Task: Your output should be exactly the lines from the one containing "ne15斗式提升機主要由運行" through the last line of the listing, and nothing else. Pictures stay out.

------ Recorded data

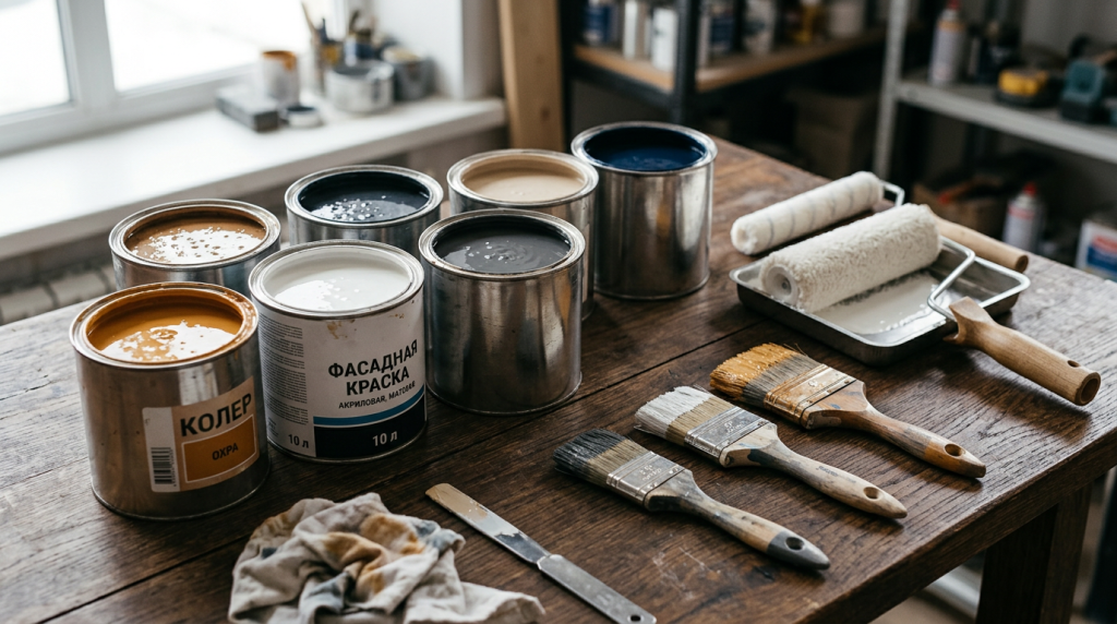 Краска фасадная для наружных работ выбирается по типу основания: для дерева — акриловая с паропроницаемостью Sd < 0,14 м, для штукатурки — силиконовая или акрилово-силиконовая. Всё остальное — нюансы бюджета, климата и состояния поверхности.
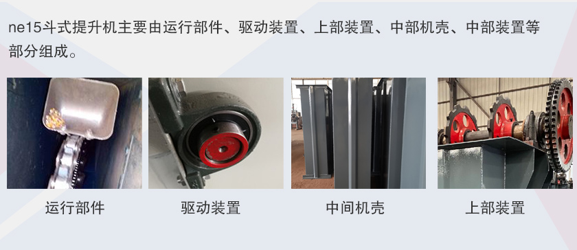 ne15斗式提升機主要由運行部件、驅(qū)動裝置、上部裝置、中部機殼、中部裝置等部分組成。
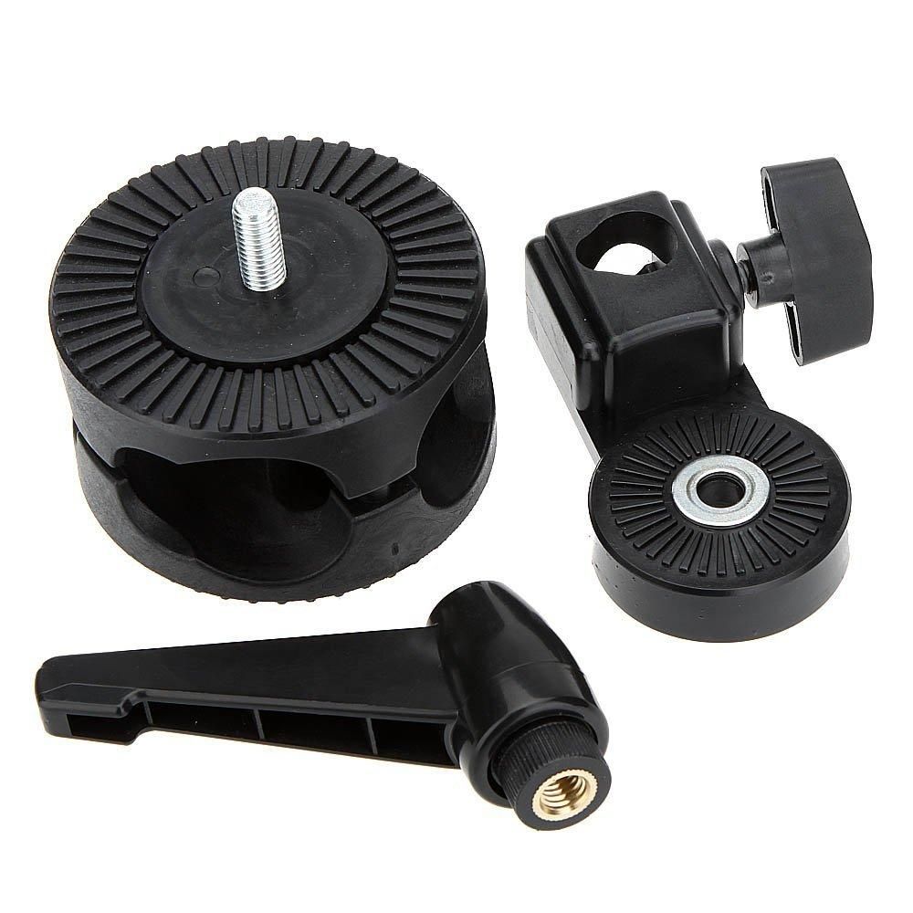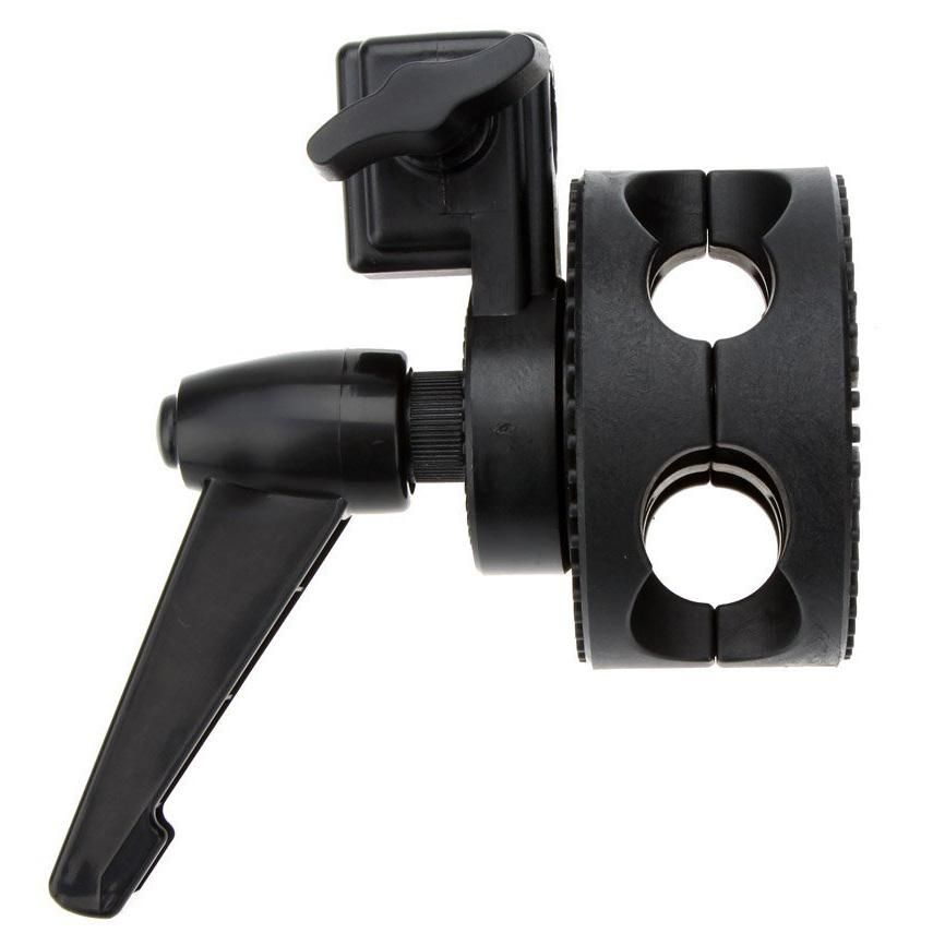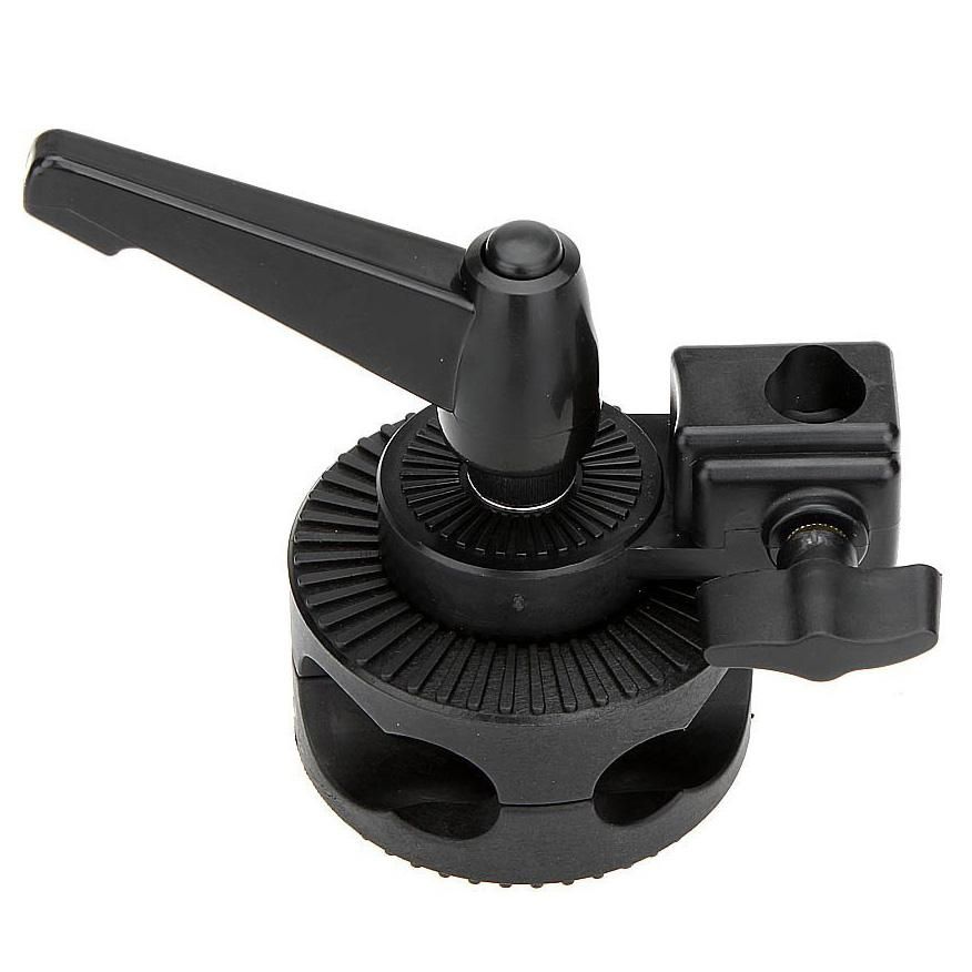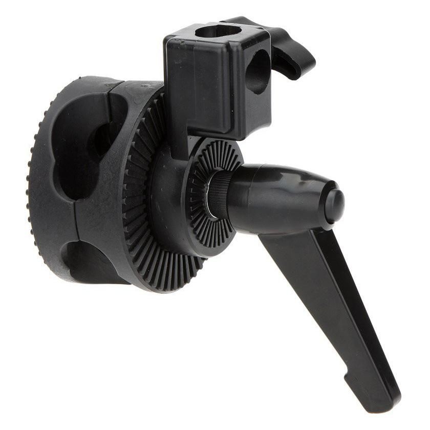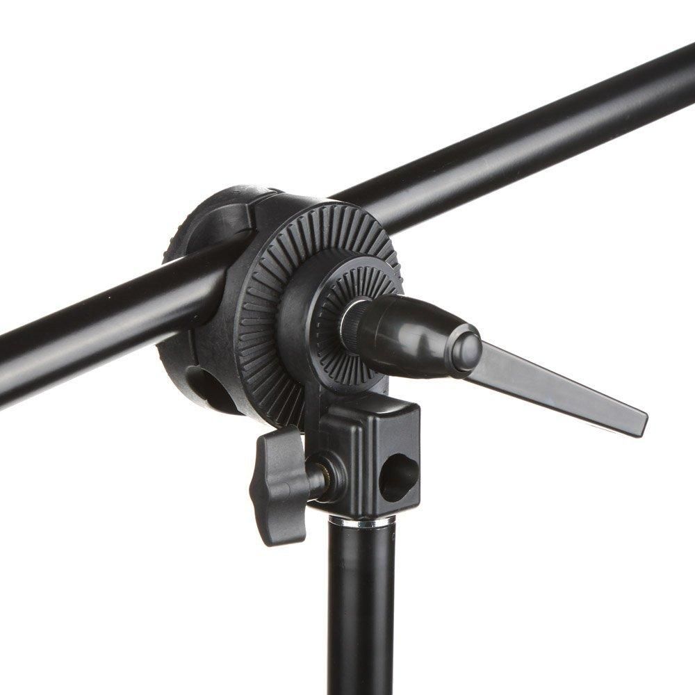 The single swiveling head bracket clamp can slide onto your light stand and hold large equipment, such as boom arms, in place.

------------

Answer for the task:
 ne15斗式提升機主要由運行部件、驅(qū)動裝置、上部裝置、中部機殼、中部裝置等部分組成。
 The single swiveling head bracket clamp can slide onto your light stand and hold large equipment, such as boom arms, in place.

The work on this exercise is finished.